TASK INSTRUCTIONS
The reply is to be the lines from the one with "The Hôtel National" through the last line of the records below, each retyped exactly, with pictures left out.

****************************************

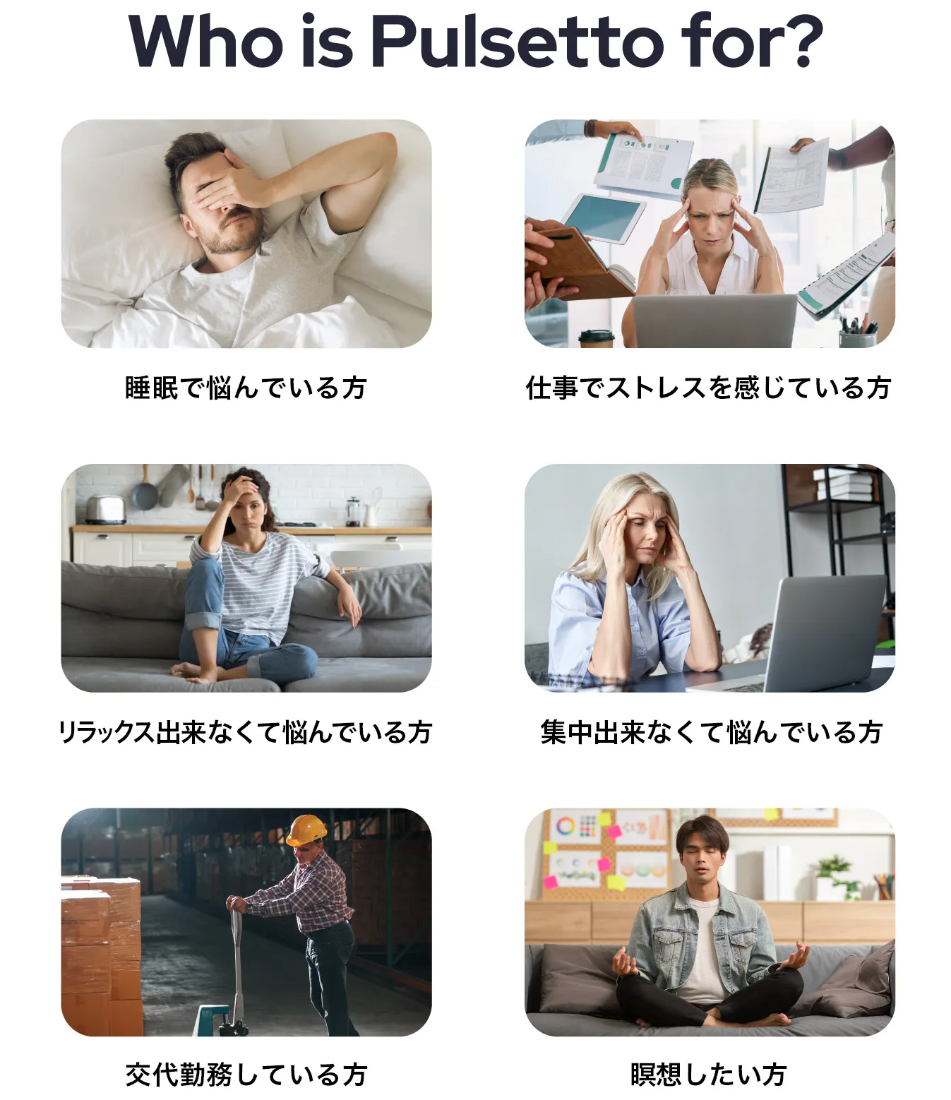 Pulsettoは睡眠で悩んでいる方以外にも下記の様な事で悩んでいる方にもおすすめです。
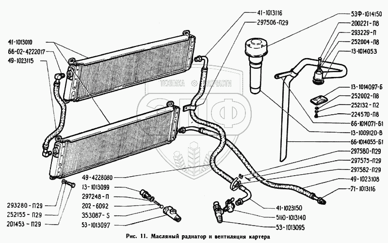 Каталог запасных частей к технике: ГАЗ-71. Масляный радиатор и вентиляция картера
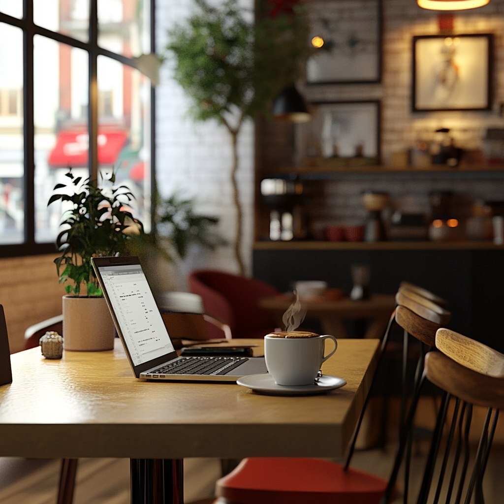 Создано на основе запроса: [Cozy cafe workspace, coffee and laptops], photorealistic, Panasonic Lumix GH5 style, ambient creativity, caffeine-fueled productivity.
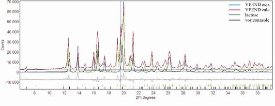 The X-ray powder diffraction has variety applications in the pharmaceutical industry. The most popular is a polymorphs diagnostic of an active substance (API - Active Pharmaceutical Ingredient). If API has more than one crystalline form there is a risk that during following steps like: synthesis, milling, formulation and storage an undesirable form appears. For this reason powder diffraction is a main tool for qualitative and quantitative analysis. The aim of this work was to apply the quantitative Rietveld analysis for an evaluation of API in few commercial drugs. For example, VFEND (Pfizer) tablets contain voriconazole as API. The inactive ingredients include: lactose monohydrate, pregelatinized starch, croscarmellose sodium, povidone, magnesium stearate. Voriconazole1, lactose2 and magnesium stearate are crystalline. The others ingredients are amorphous or semi-crystalline. Qualitative analysis detected only voriconazole and lactose. Relative phase amounts, in weight percent, are following: voriconazole 35.63%, lactose 47.39% and amorphous 16.98% (figure below). The calculated voriconazole content is close to the real quantity which is equal 30%.
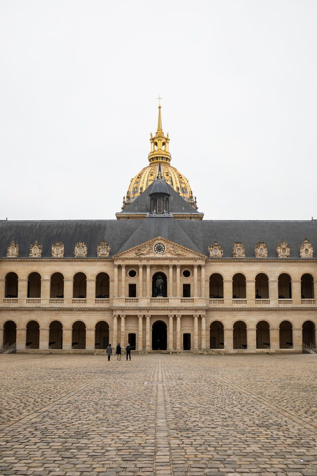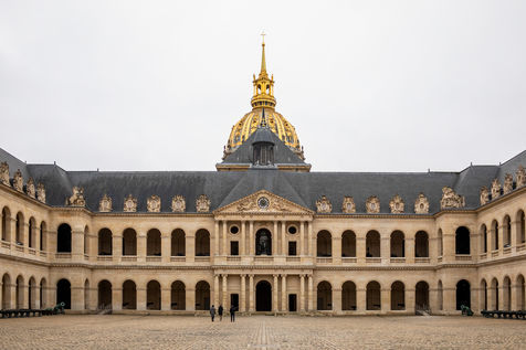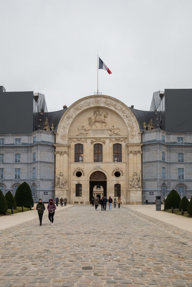 The Hôtel National des Invalides in Paris, is a building in honor of the armed forces. It was built in 1670 under the impulse of Louis XIV. Illustrations of the building and the courtyard of honor, January 2022.
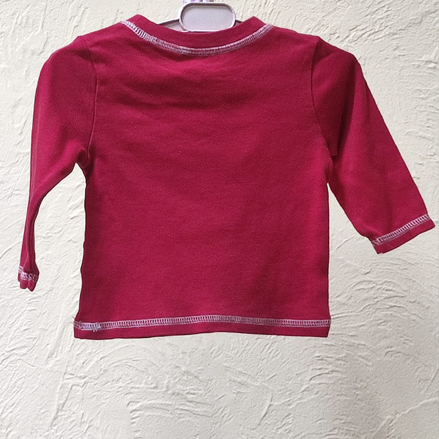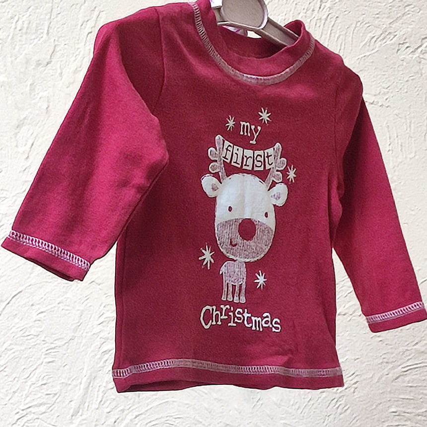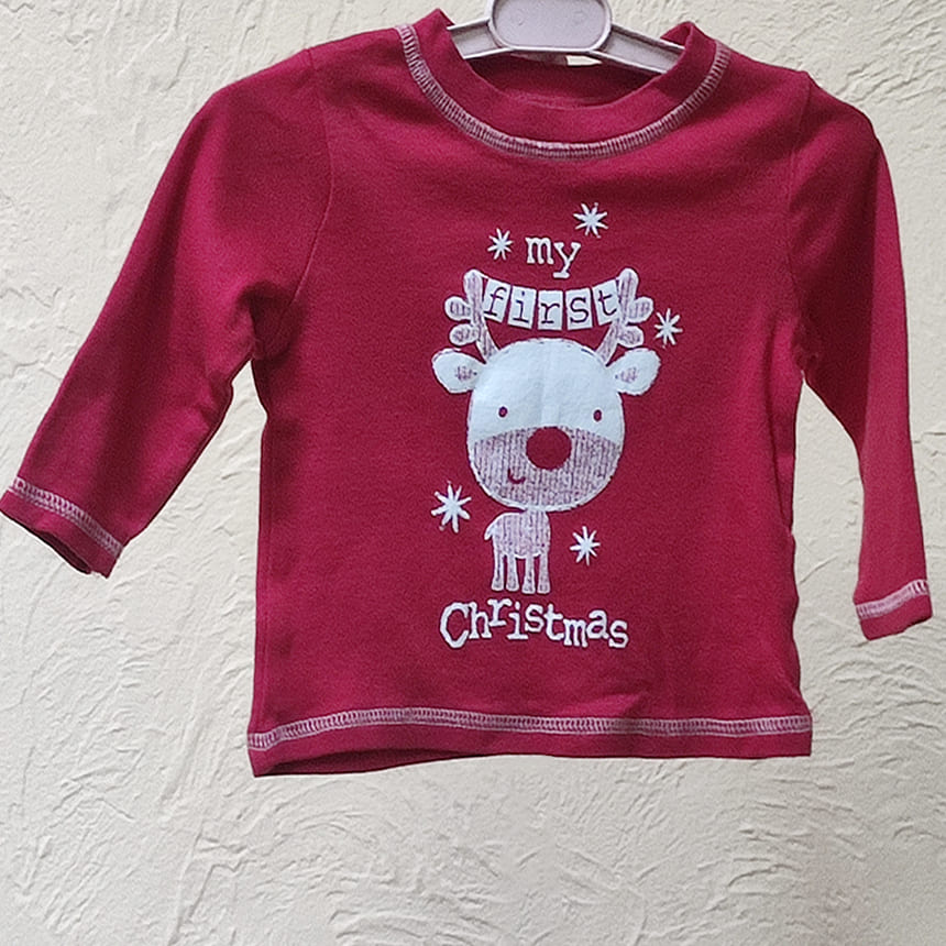 Футболка с длинным рукавом красного цвета с белым оленем и тематической надписью My ferst Christmas.

****************************************

RESULT
 The Hôtel National des Invalides in Paris, is a building in honor of the armed forces. It was built in 1670 under the impulse of Louis XIV. Illustrations of the building and the courtyard of honor, January 2022.
 Футболка с длинным рукавом красного цвета с белым оленем и тематической надписью My ferst Christmas.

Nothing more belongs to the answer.